** Problem **
No line before the one holding "En la configuración" is to be copied; that line and all after it, through the end of the listing, are returned exactly, minus pictures.
◆ ◆ ◆
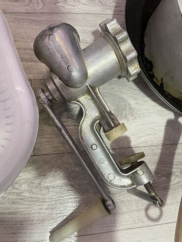 - Мясорубка ручная настольная из металла, крепление струбциной к столешнице, вращающаяся ручка, пластиковые шайбы для защиты поверхности.
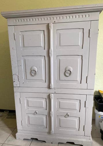 Mooie, ruime koloniale kast, geschilderd in een stijlvolle grijze krijtverf. Deze kast biedt perfecte extra opbergruimte voor elke kamer. Met afmetingen van 1.49M hoog, 0.98M breed en 0.67M diep past
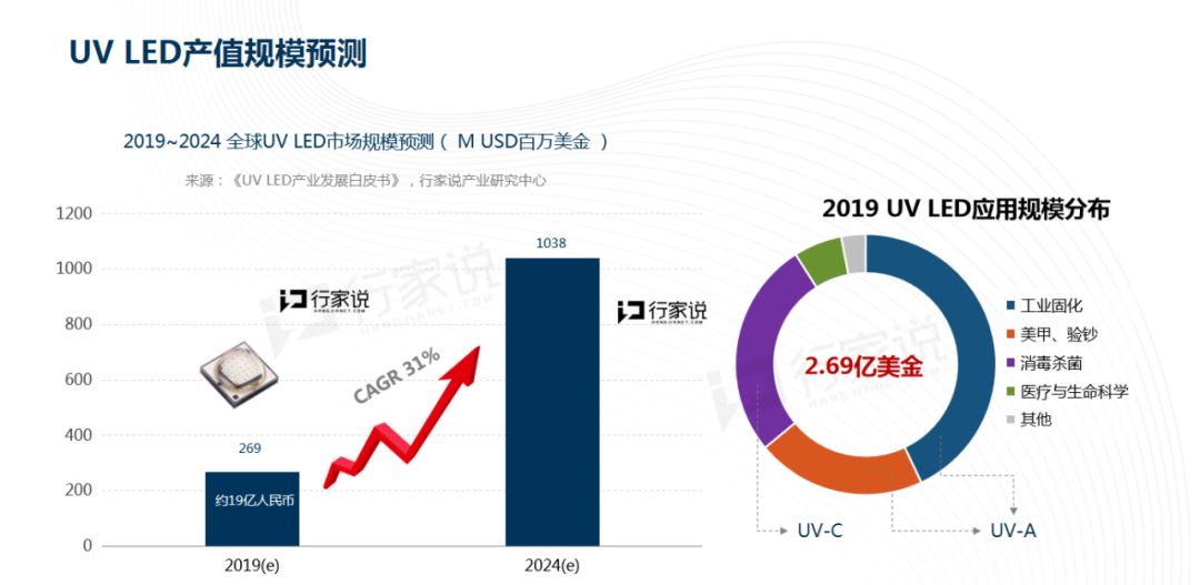 先不论此次疫情的背景下,根据行家说产业研究中心数据显示,2019年全球UV LED灯珠市场规模达2.69亿美元(约19亿人民币),2020年有望成为UV LED
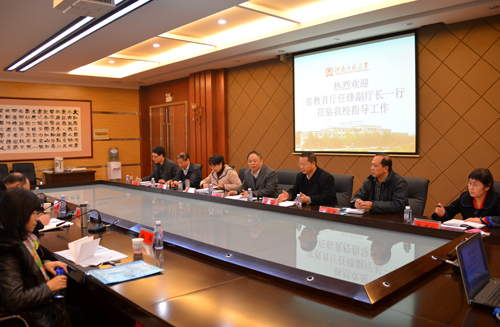 12月3日上午,河南省教育厅副厅长任锋一行4人到我校调研指导工作,校长王键吉、副校长黑建敏陪同调研。调研座谈会在勤政楼第三会议室举行,省教育厅财务处副处长王鹏及有关人员,我校校长办公室、财务处等部门负责人参加了座谈。座谈会由副校长黑建敏主持。
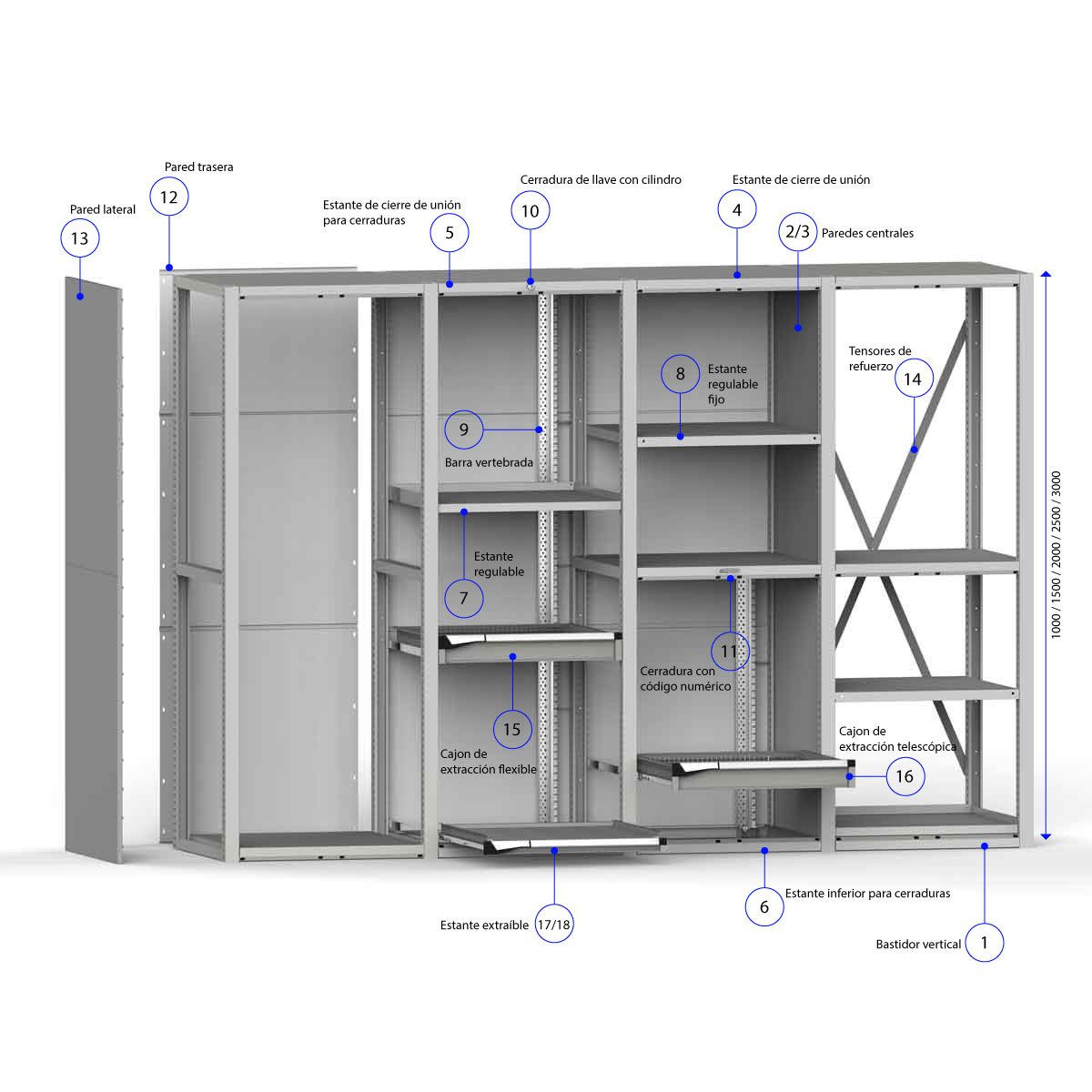 En la configuración de la estantería puede ir añadiendo diferentes elementos como estantes regulables, extraíbles, separadores verticales, cajones de extracción vertical, paneles posteriores, paneles laterales, diagonales, puertas batientes, correderas o módulos con persiana, elementos de separación para herramientas.
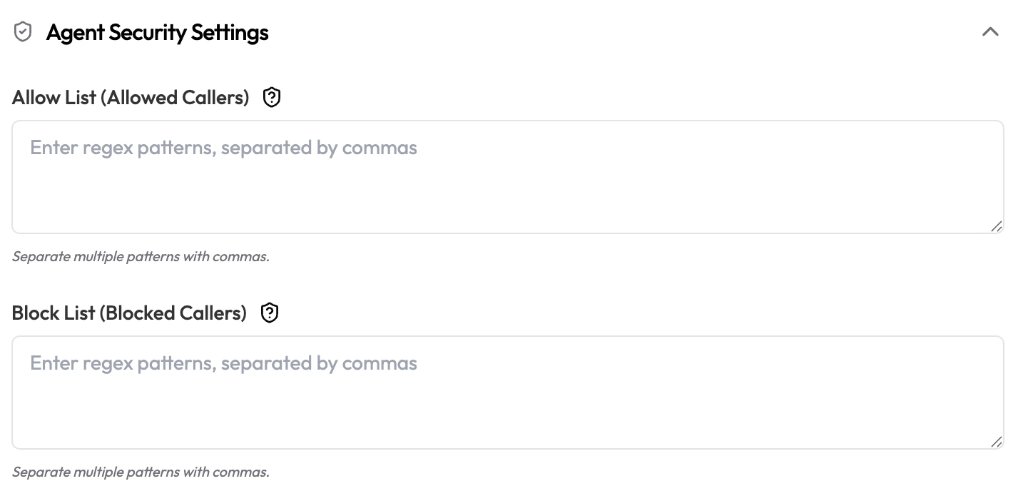 | Allow List (Allowed Callers) | Text area | Empty | Regex patterns for sources allowed to trigger this agent, separated by commas. Leave empty to allow all. |
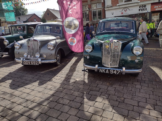 Photo of Paul Burgess’s (NKA 947) and John Castle’s (ODV 692) Mayflowers at Hinckley Town Centre in Hinckley, Leicestershire on Sunday 19th September 2021, next to the club’s banner.
◆ ◆ ◆
** Answer to this task **
 En la configuración de la estantería puede ir añadiendo diferentes elementos como estantes regulables, extraíbles, separadores verticales, cajones de extracción vertical, paneles posteriores, paneles laterales, diagonales, puertas batientes, correderas o módulos con persiana, elementos de separación para herramientas.
 | Allow List (Allowed Callers) | Text area | Empty | Regex patterns for sources allowed to trigger this agent, separated by commas. Leave empty to allow all. |
 Photo of Paul Burgess’s (NKA 947) and John Castle’s (ODV 692) Mayflowers at Hinckley Town Centre in Hinckley, Leicestershire on Sunday 19th September 2021, next to the club’s banner.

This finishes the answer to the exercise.